Not despite them. Made of them.
Every step forward carries a few wrong ones inside it. You don’t get the progress without the errors. That isn’t a motivational line — it’s just the arithmetic of moving fast with incomplete information.
So the job was never to avoid mistakes. The job is to handle them.
And handling them gets harder, not easier, the more experienced you become.
Early on, mistakes are cheap. Small blast radius. Nobody’s watching. You make one, you fix it, you move on.
Later it changes. The decisions are bigger. More people depend on them. And your own experience starts working against you — you’ve been right enough times to trust yourself more than you should. Ego and stakes rise together. The mistakes get more expensive exactly when they get harder to admit.
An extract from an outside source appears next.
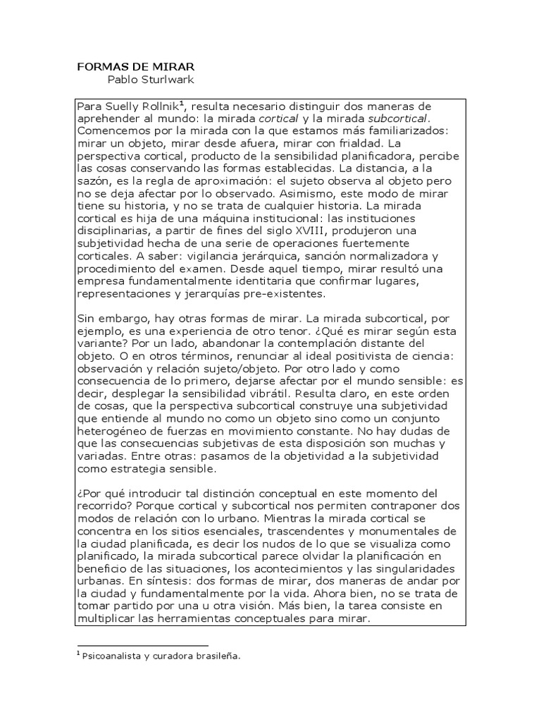 modos de relación con lo urbano. Mientras la mirada cortical se

That’s the trap of experience. It doesn’t stop you from being wrong. It makes being wrong cost more.
The first discipline is to keep most mistakes reversible.
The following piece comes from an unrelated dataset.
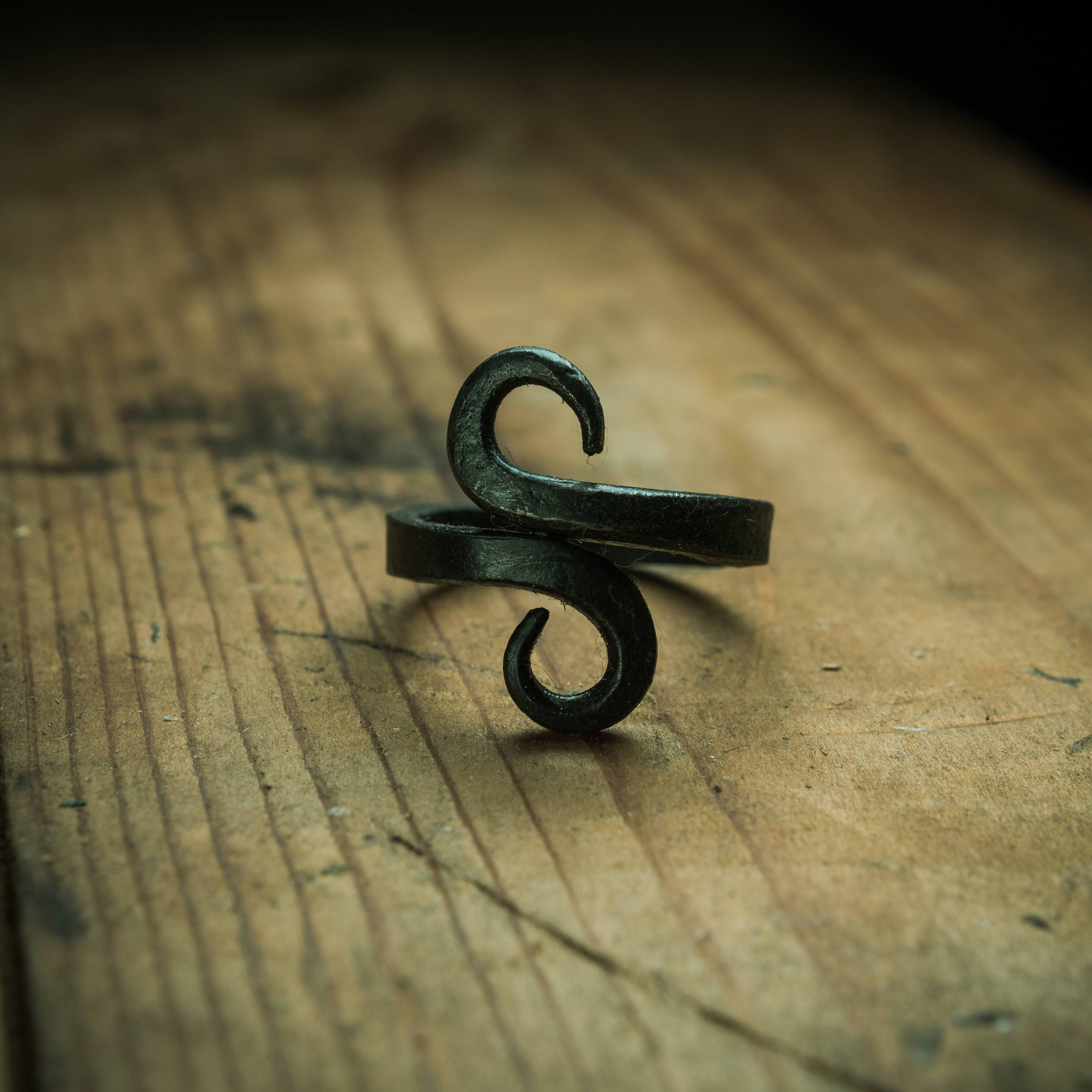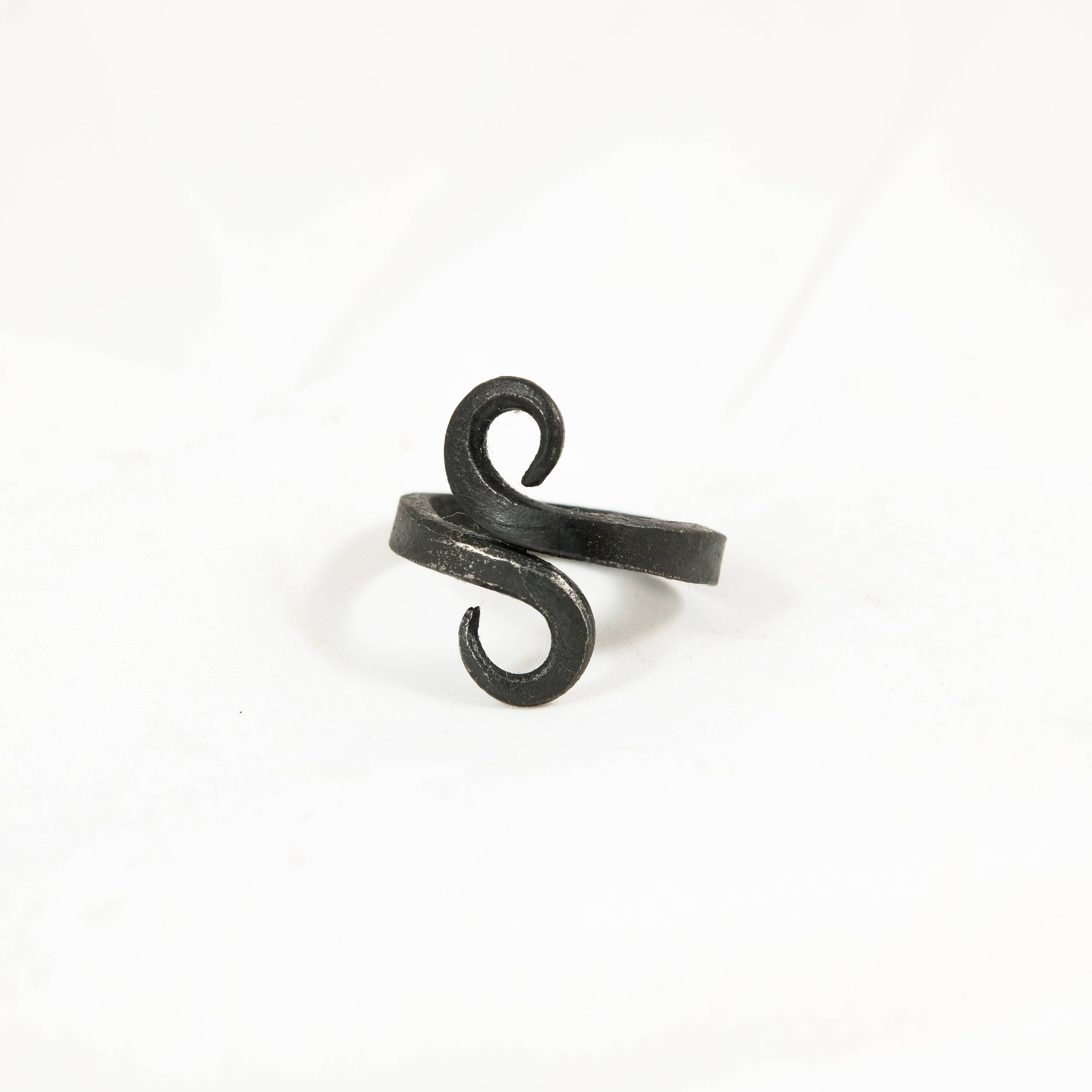 Tillverkad med syfte: Handsmidd av järn, denna ring är formad individuellt av smeden. Bandet formas och sedan böjs ändarna till dekorativa böjar, överlappande där de möts. Processen lämnar synliga hammarmärken och en unik textur på järnet, vilket säkerställer att även om designen är konsekvent, har varje ring sin egen karaktär. Det är ett stycke bestående kvalitet, format med både styrka och konstnärskap i åtanke.

Some doors only open one way — the Type 1 decisions. The bet you can’t unwind. The hire you build the whole org around. The promise you can’t take back. You don’t get to be casual there.
Everything else, you should be casual about. Decide fast, stay cheap, keep the option to walk it back. Spend your caution on the one-way doors and almost nowhere else. Most mistakes are survivable. A few are not. Knowing the difference is most of the game.
And then there’s the part nobody likes.
A mistake isn’t fatal because it’s big. It’s fatal because it stays hidden.
The reversible mistake you catch early stays reversible. The same mistake, six months buried, becomes a one-way door — not because it changed, but because you ran out of room to undo it.
So the thing you actually optimize for isn’t fewer mistakes. It’s faster detection. Short feedback loops. People who feel safe telling you you’re wrong. A culture where bad news travels fast, instead of getting polished before it reaches you.
Companies rarely die from one big error. They die from a hundred small ones nobody surfaced in time.
And you don’t only have to learn from your own.
Other people’s mistakes are cheaper than yours — you get the lesson without paying for it. So read biographies. They’re full of expensive errors someone already survived and wrote down, so you don’t have to repeat them.
And talk about your own mistakes out loud. The moment you share one, people tend to share theirs back. That trade is one of the best deals there is — you walk away with a dozen failures you never had to live through.
So I’m not trying to make fewer mistakes anymore.
I’m trying to make them small, make them reversible, and make them loud.